質の良い眠りを得るための環境②

④枕の環境【2】

玄関マットとタオルケットで快眠生活が手に入る

高さ・硬さなどが自分に合ったオーダーメイド枕を作るのがベストですが、自分で即席の「手作り枕」を作ることもできます。

用意するものは、新品の玄関マットと大き目のタオルケット。玄関マットは、厚さ1cm、大きさ60×90cm程度の、硬くしっかりしたものを選びましょう。ホームセンターなどに売っている、毛足は短く、しっかり硬めで、裏地にも硬い素材が使われているものが適しています。薄手のマットは避けましょう。

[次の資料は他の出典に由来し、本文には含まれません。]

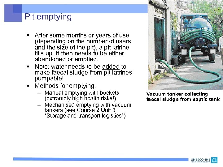 Pit emptying § After some months or years of use (depending on the number of users and the size of the pit), a pit latrine fills up. It then needs to be either abandoned or emptied. § Note: water needs to be added to make faecal sludge from pit latrines pumpable! § Methods for emptying: – Manual emptying with buckets (extremely high health risks!) – Mechanised emptying with vacuum tankers (see Course 2 Unit 3 “Storage and transport logistics”) Vacuum tanker collecting faecal sludge from septic tank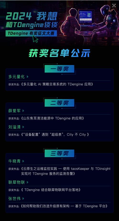 在大家的热烈参与下,为期一个多月的“2024,我想和 TDengine 谈谈”征文活动圆满结束??。在本次活动中,我们共收到数十篇高质量的稿件,经过评审团的严格筛选,前六名投稿人脱颖而出?。

この玄関マットを3つ折りし、その上にタオルケットを畳んで置くと、硬くフラットな枕が作れます。

上向き、横向きの姿勢をとってみて首が楽か、寝返りがしやすいかをチェックし、首に一番負担がかからない高さを見つけましょう。違和感がある場合は、タオルケットの折り返しを1枚ずつ増減して枕の高さを調整してください。

睡眠HACKS,山田朱織
(画像=THE21オンライン)

⑤布団の中の環境

靴下はNG!就寝前に寝具を温めて

冬場は冷えるので靴下を履いて寝る人も多いですが、これも寝返りを妨げる原因になります。季節を問わず、寝るときは裸足が原則です。布団の中が冷たくて眠れないときは、電気毛布などを使って寝る前に寝具を温めておくこと。このとき、寝ている間もつけっぱなしにするのは厳禁です。一晩中つけていると、身体に備わる体温調整機能が狂うので、寝る前には必ずオフにしましょう。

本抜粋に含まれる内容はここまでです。